Mocking encourages testing behavioral interfaces between classes, e.g. role interfaces.

However, I personally prefer to use real objects in tests as long as possible, and only create interfaces as a last resort when doubling is required. Otherwise I think you end up with the anti-pattern of interfaces that have only 1 implementation.

To me, these 1-implementation interfaces just clutter a code base and make life more tedious for the developer as they copy/paste the same method definitions, etc., between the two. (See interfacegen for my begrudging hack to help with these scenarios).

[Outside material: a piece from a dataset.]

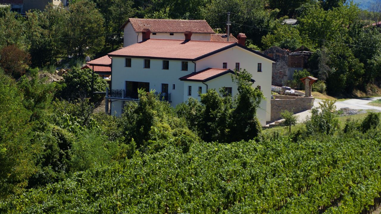 На исключительном месте в сказочном крае Горишка Брда продается роскошная вилла с крытым бассейном и спа-центром, с прекрасным видом с северной стороны на виноградные холмы и Альпы, с южной - на море.
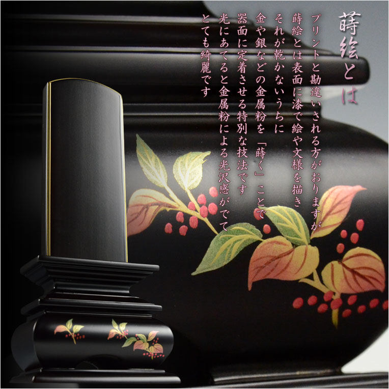 制作前に文字校正【配置図】は送っておりませんので、ご心配の方は文字代金と同時に【配置図】をご注文ください。 制作済みのお位牌は、文字の修正出来ませんので、あらかじめご了承ください。 ◆人気の塗り位牌【南天】の唐木ヴァージョン新登場 札板を面粉(金)で縁取りした豪華版 札板はもちろん、台座やパーツなどの全てを黒檀材でお造りした贅沢な総黒檀製 高価な黒檀材がもつ天然木の温かみや重厚感・高級感が伝わってきます 黒の力強さと、その中に見え隠れする茶の木目が上品な落ち着きを与えます どの色のお仏壇にもよく合います 豪華な唐木に華やかな蒔絵が美しくモダンに映えます。 蒔絵は正面に「南天」、上部に「桐」を施し、見る人をやさしく和ませてくれます 【蒔絵とは】プリントと勘違いされる方がおりますが、蒔絵とは表面に漆で絵や文様を描き、 それが乾かないうちに金や銀などの金属粉を「蒔く」ことで器面に定着させる特別な技法です 光にあてると金属粉による光沢感がでて、とても綺麗です ※唐木(黒檀・紫檀)は天然木ですので、色や木目に一つとして同じ物がございません 写真は商品の中から無作為に選んだ一つを撮影しておりますので一例としてお考えください ※蒔絵は手作業で製作しておりますので絵柄など若干個体差がございます 位牌専門店だから出来た仏縁堂オリジナル! おかげさまで、特許を取得! 特許:意匠登録 第1464071号 他店では販売しておりません 弊社の御位牌は、楽天【位牌】検索でも常に上位で大変売れており 皆様に大好評、大人気を得ております 在庫を切らした場合、入荷までに3ヶ月程かかりますので、お早めのご注文をお願いします ■サイズ/単位はmm ・3.0寸 台幅70×総高151×奥37 札幅38×札高91 ・3.5寸 台幅76.5×総高170×奥39 札幅44×札高105 ・4.0寸 台幅83×総高187×奥43.5 札幅50×札高119 ・4.5寸 台幅88×総高207×奥45 札幅54.5×札高125 ・5.0寸 台幅99×総高229×奥48.5 札幅64.5×札高150 ※手作りのため、サイズは5mm前後の誤差が生じることがございます ※サイズに依り価格が異なります。商品タイトルでご確認ください ※商品は位牌本体の価格となります。文字入れをご希望の場合、別途「文字入れ代金」がかかります ■材質:黒檀材 ■表面仕上げ:ウレタン塗装 ■原産国:海外 ■送料無料(但し沖縄・離島は別送料かかります) ■綺麗な文字と評判の【文字入れ代】のご注文はコチラ ※お位牌本体と文字入れ代をカート(買い物かご)に入れましたら、注文ステップ3にでてきます【位牌戒名入力フォーム】に戒名など必要な情報をご入力下さい。 彫り・書き共に対応、書体も多彩に取り揃えております。連名をお入れすることもできます。 ※お位牌にお入れするお文字は、注文ステップ3でご入力できます。入力欄はこちらのようになっております。 ※お文字の配置の確認はこちらをご覧ください。(新しいウインドウで開きます) ※お文字を入れたサンプルはこちらをご覧ください。 蒔絵位牌 南天3.0寸 蒔絵位牌 南天3.5寸 蒔絵位牌 南天4.0寸 蒔絵位牌 南天4.5寸 蒔絵位牌 南天5.0寸 蒔絵位牌 南天紫檀3.0寸 蒔絵位牌 南天紫檀3.5寸 蒔絵位牌 南天紫檀4.0寸 蒔絵位牌 南天紫檀4.5寸 蒔絵位牌 南天紫檀5.0寸 蒔絵位牌 南天黒檀3.0寸 蒔絵位牌 南天黒檀3.5寸 蒔絵位牌 南天黒檀4.0寸 蒔絵位牌 南天黒檀4.5寸 蒔絵位牌 南天黒檀5.0寸

Fowler asserts that mockists actually like these extra interfaces:

“Mockists favor role interfaces and assert that using this style of testing encourages more role interfaces, since each collaboration is mocked separately and is thus more likely to be turned into a role interface.”

Which, in my current style, I just don’t see the benefit of.

Lately I don’t do anymore consulting-related project-hopping, so perhaps my data points are few/stale, but two of the worst “wtf were the architects thinking” systems I’ve seen involved 1-implementation/role interfaces. So until I see a convincing example otherwise, I consider them a bad thing.

Conclusion

So, that’s my take. I’ve changed my style before, so we’ll see if I end up being a mockist a few years from now, but for now I’m a classicist (Update July 2023: I still don’t like mocks).